The report also struck me as odd because it only listed 2 days for Craft Brew Geek, despite the fact that I know he’s been joining Teams calls the same way for 2 months now while we all work from home. I went back to the data this time paying attention to the source and destination numbers listed in the report. I noticed for all of Craft Brew Geek’s entries, the number listed as the source number was the number from Microsoft that we selected as the “default” number for our tenant due to it having the closest proximity to the majority of our employees. The destination number was the same every time as well, but it wasn’t Craft Brew Geek’s number. It was the number for a different employee in our company.

This is when I finally realized that the UPN listed in the report is not necessarily the UPN of the user who consumed the minutes; that wouldn’t even necessarily make sense considering you could have a meeting dial-out to an external participant (e.g. if you were using Teams to conduct an interview) or you may not have any telephone information stored for your users in Office 365. Instead, the UPN listed in the report is who scheduled the meeting.

Realizing that my logic was flawed due to the ambiguity of the report, I modified my script and replaced the UPN as the key in each dictionary with the destination telephone number.

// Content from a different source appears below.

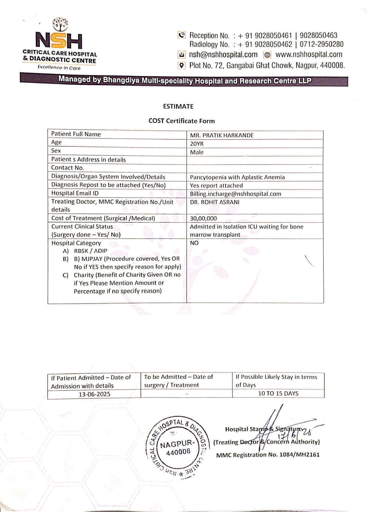 20-year-old Pratik Haraknde was diagnosed with Aplastic Anemia and is currently in the ICU, awaiting a Bone Marrow Transplant. A bright student with dreams of pursuing B.Tech., his treatment has put his future on hold. His daily wage labourer father and elder brother are struggling to support his care.
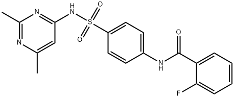 - Synonyms: N-[4-[(2,6-dimethylpyrimidin-4-yl)sulfamoyl]phenyl]-2-fluorobenzamide Benzamide, N-[4-[[(2,6-dimethyl-4-pyrimidinyl)amino]sulfonyl]phenyl]-2-fluoro-

What I ended up with is this Python script. It’s quick and dirty since I wasn’t trying anything fancy; I just wanted a quick, sorted listing of our dial-out usage.

import csv


usage_tracker = {}

report_file = "./pstn_report.csv"
with open(report_file, "r", newline="") as csvfile:
    reader = csv.DictReader(csvfile)

    for row in reader:
        if row["Call Type"] == "conf_out":
            seconds = int(row["Duration Seconds"])
            if row["Destination Number"] in usage_tracker.keys():
                usage_tracker[row["Destination Number"]] += seconds
            else:
                usage_tracker[row["Destination Number"]] = seconds

usage_tuple_list = sorted(usage_tracker.items(), key=lambda x: x[1], reverse=True)

total_minutes = 0
for element in usage_tuple_list:
    current_minutes = round(element[1] / 60)
    total_minutes += current_minutes
    print(element[0] + ": " + str(current_minutes))

print("============================")
print(total_minutes)

At this point, all I needed to do was figure out who the telephone numbers my script spit out belonged to. Our company maintains a listing of numbers for each employee, so it was simple for me to search it for each entry. This showed us that one employee who was using dial-out heavily for himself as a matter of convenience during the quarantine was using basically all of our minutes.

Aftermath

The main takeaways from this incident are:

  1. Be mindful of the PSTN dial-out pool in Office 365 if you’re doing audioconferencing. I hadn’t thought of it because the O365 instance I managed previously was absolutely massive; this means we had significantly more minutes in the pool for a feature most people never use since the size of the pool is based on license assignment. Keep tabs on it in a smaller organization, especially when everyone is suddenly working remotely.
  2. The report from the legacy Skype admin center is pretty confusing, and it’s easy to mistake who is consuming dial-out minutes. Keep tabs on the destination number(s) in the report to find out who is actually doing it.

That’s it! Stay pink (from a socially acceptable distance, of course.)